In opposition to the renewed motion, Plaintiffs submitted hundreds of documents produced in discovery that they claimed demonstrated viable appeals. Plaintiffs also argued in the alternative that they made phone calls to Defendants that qualified as appeals. Defendants disagreed that any of the documents constituted proper written appeals and filed multiple plan documents that set forth the requirements for written appeal.

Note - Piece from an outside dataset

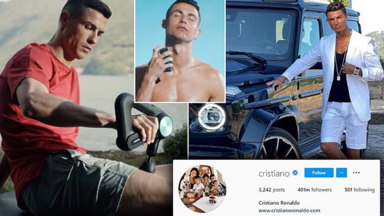 Me 400 milionë ndjekësit e tij aktualë, të ardhurat e Ronaldos rriten në 1,720,000 funte (2,043,388 euro) – mbi trefishin e pagës së tij javore prej 480 mijë funtesh (570 mijë euro) në Manchester United.

The court found Plaintiffs' exhaustion argument to be unpersuasive. Specifically, the court stated that none of the documents Plaintiffs produced in discovery constituted appeals; they were mostly claims submissions made before the initial denials, as well as miscellaneous faxes, post-it notes and other documents that included no requests for appeal. Regarding the purported phone calls, the court held that the parties were bound by the unambiguous language in the subject plans requiring written appeals.

ERISA does contain a potential exception to the exhaustion requirement where a plan contains ambiguous or contradictory terms. See Watts v. BellSouth Telcomms., Inc., 316 F.3d 1203, 1204-06 (11th Cir. 2003). However, the court noted Plaintiffs declined to invoke this exception, and it would not have applied anyway because of the clear terms in the plans.

"The ERISA plans that governed those . . . claims unambiguously required the claimants to appeal adverse benefits determinations before filing their federal lawsuits. But the Plaintiffs (as proxies for their patients) didn't appeal those denials—or, at least, they don't submit any evidence that they did."

Accordingly, the court dismissed 493 patient claims where the exhaustion requirement had not been met. The remaining 43 claims remain in active litigation.